Seven ways Hong Kong Chief Executive Carrie Lam can please Beijing and the people

Andrew Leung suggests tasks for the city’s new leader so as to maintain the delicate balance between ‘one country’ and ‘two systems’, which would help to extend its lifespan beyond the 50 years promised

PUBLISHED : Monday, 10 July, 2017, 5:20pm
UPDATED : Monday, 10 July, 2017, 6:49pm

President Xi Jinping’s (習近平) hard-hitting speech on July 1 on how “one country, two systems” should be implemented has raised worrying eyebrows. Will the “two systems” increasingly tilt towards the “one country”?

President Xi Jinping’s four key points for moving forward under ‘one country, two systems’

In her inauguration speech, Chief Executive Carrie Lam Cheng Yuet-ngor vowed to comprehensively fulfil her responsibilities to make “one country, two systems” work, including through better relations with the central government. Notwithstanding her legendary abilities, can she deliver a mission almost impossible? Hong Kong’s society remains severely fractured, with the younger generations possessing little sense of nationhood.
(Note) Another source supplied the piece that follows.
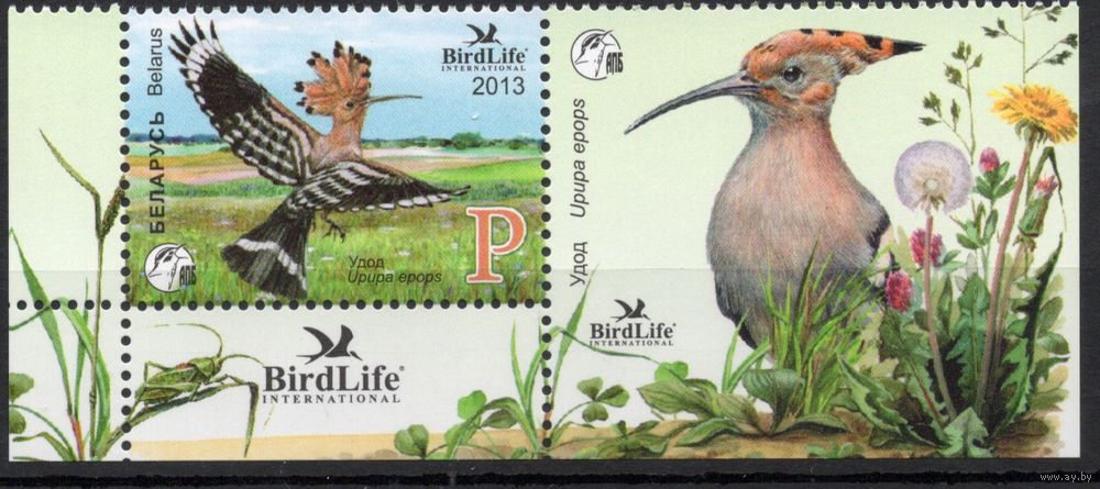 Беларусь 2013. Птица года. Удод. 1 марка+купон 949 (641)

Relations with Beijing were much smoother during the first decade after the handover. The central government carefully guarded Hong Kong’s autonomy. Why have things changed?

One reason is that, as a natural development, Hong Kong and the mainland have become much more interconnected, with a massive upsurge of mainland visitors and capital. As a result, the inherent contradictions of “one country, two systems” have surfaced, raising the cost of living and doing business, including land prices, compromising Hong Kong’s quality of life.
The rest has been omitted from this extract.